• [Supplied information]
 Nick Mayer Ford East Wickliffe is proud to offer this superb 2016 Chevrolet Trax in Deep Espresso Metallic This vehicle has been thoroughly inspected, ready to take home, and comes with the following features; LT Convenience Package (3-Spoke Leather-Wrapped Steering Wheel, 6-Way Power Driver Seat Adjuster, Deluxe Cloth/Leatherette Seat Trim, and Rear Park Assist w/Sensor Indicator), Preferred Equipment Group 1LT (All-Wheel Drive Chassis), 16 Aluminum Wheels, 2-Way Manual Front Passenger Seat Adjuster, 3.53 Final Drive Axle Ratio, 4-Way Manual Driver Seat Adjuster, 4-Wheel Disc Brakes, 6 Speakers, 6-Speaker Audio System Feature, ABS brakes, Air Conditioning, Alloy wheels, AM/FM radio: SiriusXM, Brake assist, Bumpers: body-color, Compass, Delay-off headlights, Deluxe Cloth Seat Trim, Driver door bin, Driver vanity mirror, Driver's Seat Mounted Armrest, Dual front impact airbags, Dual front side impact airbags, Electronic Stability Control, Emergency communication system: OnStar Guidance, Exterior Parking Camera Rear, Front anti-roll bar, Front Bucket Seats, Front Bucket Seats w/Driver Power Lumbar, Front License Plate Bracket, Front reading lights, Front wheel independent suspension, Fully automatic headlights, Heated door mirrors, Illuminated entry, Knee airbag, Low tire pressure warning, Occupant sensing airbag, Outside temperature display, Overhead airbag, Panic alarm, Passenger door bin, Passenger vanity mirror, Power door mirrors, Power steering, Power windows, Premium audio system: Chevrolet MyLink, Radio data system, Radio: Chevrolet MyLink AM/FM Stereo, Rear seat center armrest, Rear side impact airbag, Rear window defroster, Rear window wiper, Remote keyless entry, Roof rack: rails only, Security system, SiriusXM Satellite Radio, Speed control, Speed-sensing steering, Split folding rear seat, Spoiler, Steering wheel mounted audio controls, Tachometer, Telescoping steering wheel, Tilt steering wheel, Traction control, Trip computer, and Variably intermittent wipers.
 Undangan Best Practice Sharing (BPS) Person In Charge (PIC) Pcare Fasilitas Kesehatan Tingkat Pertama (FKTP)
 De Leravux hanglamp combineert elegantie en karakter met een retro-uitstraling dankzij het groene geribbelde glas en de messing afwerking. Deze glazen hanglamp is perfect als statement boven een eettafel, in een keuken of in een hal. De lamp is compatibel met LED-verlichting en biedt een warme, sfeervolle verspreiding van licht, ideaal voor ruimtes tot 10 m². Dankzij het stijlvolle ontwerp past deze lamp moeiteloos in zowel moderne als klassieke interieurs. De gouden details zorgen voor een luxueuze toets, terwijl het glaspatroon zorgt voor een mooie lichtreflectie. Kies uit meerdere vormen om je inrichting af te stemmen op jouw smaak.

• [What is being asked]
Retype the data in full, exactly.

• [Your solution]
 Nick Mayer Ford East Wickliffe is proud to offer this superb 2016 Chevrolet Trax in Deep Espresso Metallic This vehicle has been thoroughly inspected, ready to take home, and comes with the following features; LT Convenience Package (3-Spoke Leather-Wrapped Steering Wheel, 6-Way Power Driver Seat Adjuster, Deluxe Cloth/Leatherette Seat Trim, and Rear Park Assist w/Sensor Indicator), Preferred Equipment Group 1LT (All-Wheel Drive Chassis), 16 Aluminum Wheels, 2-Way Manual Front Passenger Seat Adjuster, 3.53 Final Drive Axle Ratio, 4-Way Manual Driver Seat Adjuster, 4-Wheel Disc Brakes, 6 Speakers, 6-Speaker Audio System Feature, ABS brakes, Air Conditioning, Alloy wheels, AM/FM radio: SiriusXM, Brake assist, Bumpers: body-color, Compass, Delay-off headlights, Deluxe Cloth Seat Trim, Driver door bin, Driver vanity mirror, Driver's Seat Mounted Armrest, Dual front impact airbags, Dual front side impact airbags, Electronic Stability Control, Emergency communication system: OnStar Guidance, Exterior Parking Camera Rear, Front anti-roll bar, Front Bucket Seats, Front Bucket Seats w/Driver Power Lumbar, Front License Plate Bracket, Front reading lights, Front wheel independent suspension, Fully automatic headlights, Heated door mirrors, Illuminated entry, Knee airbag, Low tire pressure warning, Occupant sensing airbag, Outside temperature display, Overhead airbag, Panic alarm, Passenger door bin, Passenger vanity mirror, Power door mirrors, Power steering, Power windows, Premium audio system: Chevrolet MyLink, Radio data system, Radio: Chevrolet MyLink AM/FM Stereo, Rear seat center armrest, Rear side impact airbag, Rear window defroster, Rear window wiper, Remote keyless entry, Roof rack: rails only, Security system, SiriusXM Satellite Radio, Speed control, Speed-sensing steering, Split folding rear seat, Spoiler, Steering wheel mounted audio controls, Tachometer, Telescoping steering wheel, Tilt steering wheel, Traction control, Trip computer, and Variably intermittent wipers.
 Undangan Best Practice Sharing (BPS) Person In Charge (PIC) Pcare Fasilitas Kesehatan Tingkat Pertama (FKTP)
 De Leravux hanglamp combineert elegantie en karakter met een retro-uitstraling dankzij het groene geribbelde glas en de messing afwerking. Deze glazen hanglamp is perfect als statement boven een eettafel, in een keuken of in een hal. De lamp is compatibel met LED-verlichting en biedt een warme, sfeervolle verspreiding van licht, ideaal voor ruimtes tot 10 m². Dankzij het stijlvolle ontwerp past deze lamp moeiteloos in zowel moderne als klassieke interieurs. De gouden details zorgen voor een luxueuze toets, terwijl het glaspatroon zorgt voor een mooie lichtreflectie. Kies uit meerdere vormen om je inrichting af te stemmen op jouw smaak.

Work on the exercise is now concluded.